Aim of the task: Return the listing below verbatim. Pictures do not belong in the copy.

Dataset excerpt:
┏━━
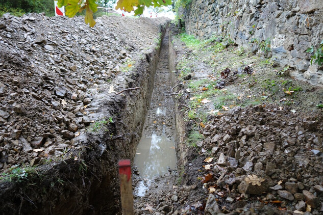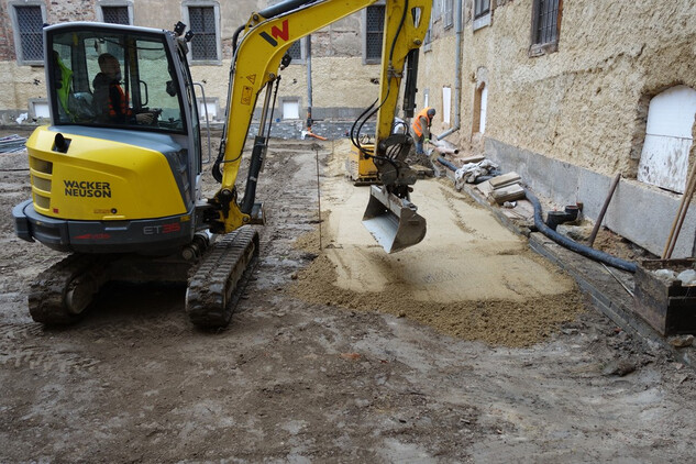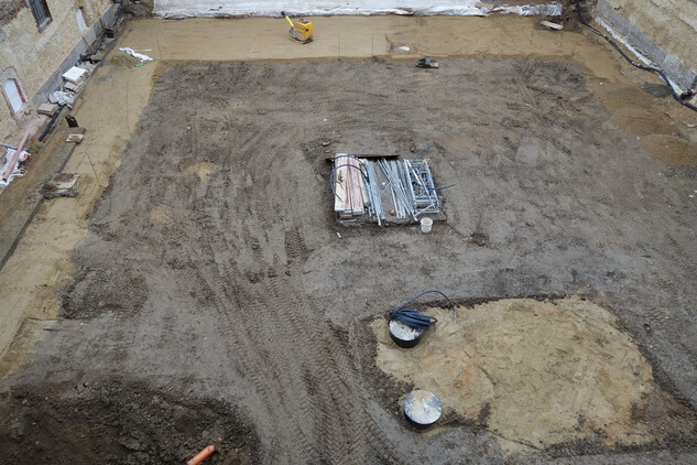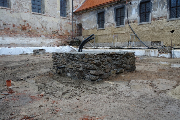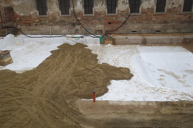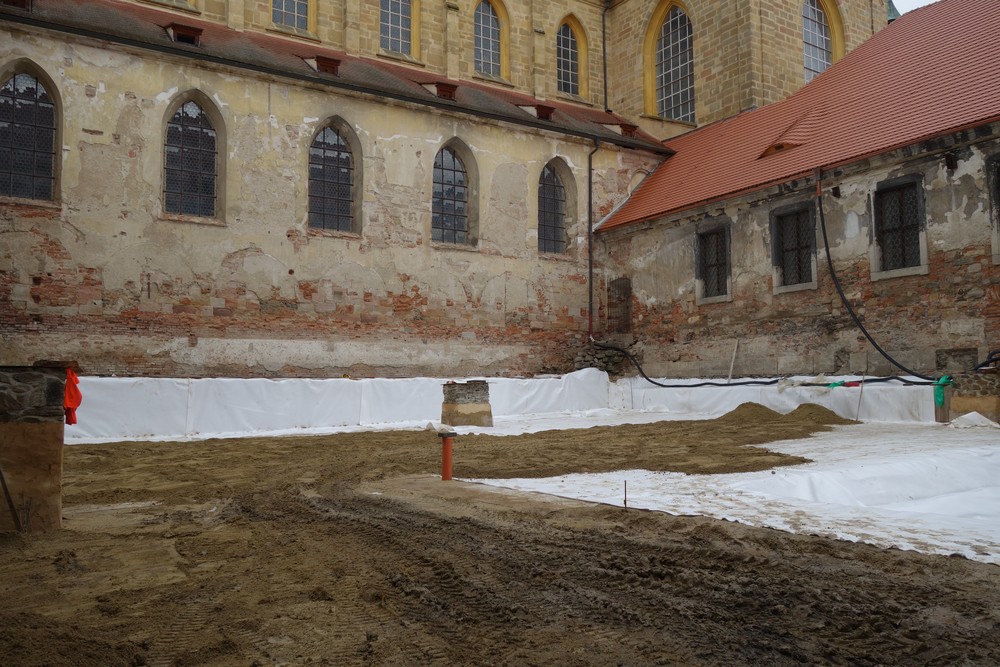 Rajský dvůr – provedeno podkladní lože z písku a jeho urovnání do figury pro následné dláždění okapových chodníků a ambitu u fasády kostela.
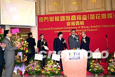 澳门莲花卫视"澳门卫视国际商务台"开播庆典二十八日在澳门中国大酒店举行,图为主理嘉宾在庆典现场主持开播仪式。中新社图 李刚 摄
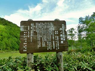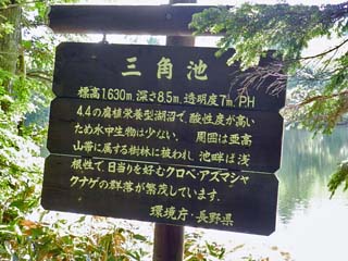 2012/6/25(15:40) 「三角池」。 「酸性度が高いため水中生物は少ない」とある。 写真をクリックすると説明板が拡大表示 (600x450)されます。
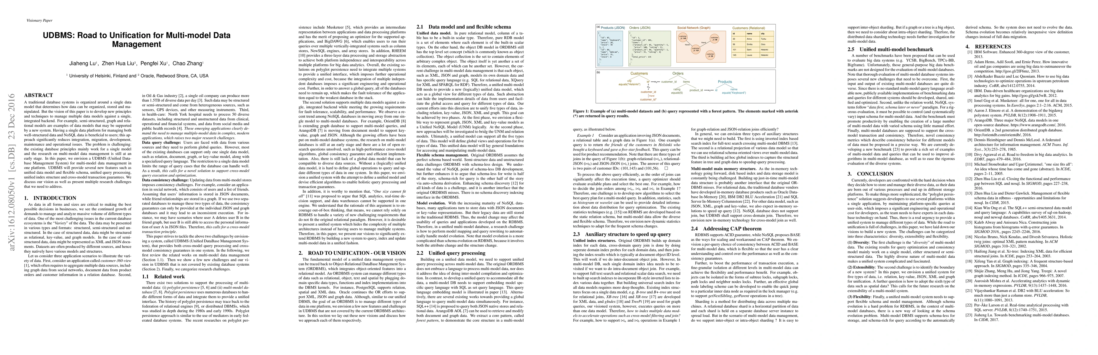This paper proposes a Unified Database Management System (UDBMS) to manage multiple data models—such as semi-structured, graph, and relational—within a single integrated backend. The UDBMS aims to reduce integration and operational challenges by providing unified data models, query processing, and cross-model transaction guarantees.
┗━━
Task result:
 Rajský dvůr – provedeno podkladní lože z písku a jeho urovnání do figury pro následné dláždění okapových chodníků a ambitu u fasády kostela.
 澳门莲花卫视"澳门卫视国际商务台"开播庆典二十八日在澳门中国大酒店举行,图为主理嘉宾在庆典现场主持开播仪式。中新社图 李刚 摄
 2012/6/25(15:40) 「三角池」。 「酸性度が高いため水中生物は少ない」とある。 写真をクリックすると説明板が拡大表示 (600x450)されます。
This paper proposes a Unified Database Management System (UDBMS) to manage multiple data models—such as semi-structured, graph, and relational—within a single integrated backend. The UDBMS aims to reduce integration and operational challenges by providing unified data models, query processing, and cross-model transaction guarantees.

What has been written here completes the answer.